* _TASK OBJECTIVE_: What is needed is an exact reproduction of the lines in the records below, starting at the line with "Images with an" and ending at the line with "See Minki's Project", both included, and nothing else; pictures stay out.

* _DATASET CONTENT_:
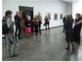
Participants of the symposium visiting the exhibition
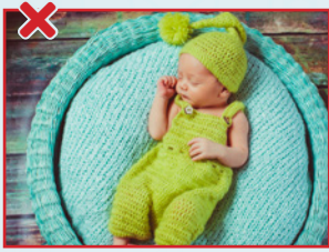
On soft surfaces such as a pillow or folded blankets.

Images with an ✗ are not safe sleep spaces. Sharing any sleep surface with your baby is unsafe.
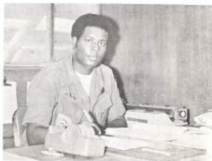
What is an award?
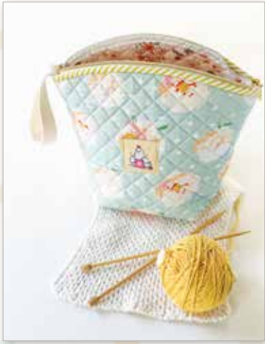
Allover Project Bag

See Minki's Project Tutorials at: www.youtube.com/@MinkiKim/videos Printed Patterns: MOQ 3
--
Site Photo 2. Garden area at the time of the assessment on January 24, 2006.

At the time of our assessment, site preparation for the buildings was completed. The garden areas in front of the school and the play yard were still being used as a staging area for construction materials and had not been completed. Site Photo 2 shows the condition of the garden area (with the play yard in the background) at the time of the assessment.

* _WRITTEN RESPONSE_:
Images with an ✗ are not safe sleep spaces. Sharing any sleep surface with your baby is unsafe.
What is an award?
Allover Project Bag

See Minki's Project Tutorials at: www.youtube.com/@MinkiKim/videos Printed Patterns: MOQ 3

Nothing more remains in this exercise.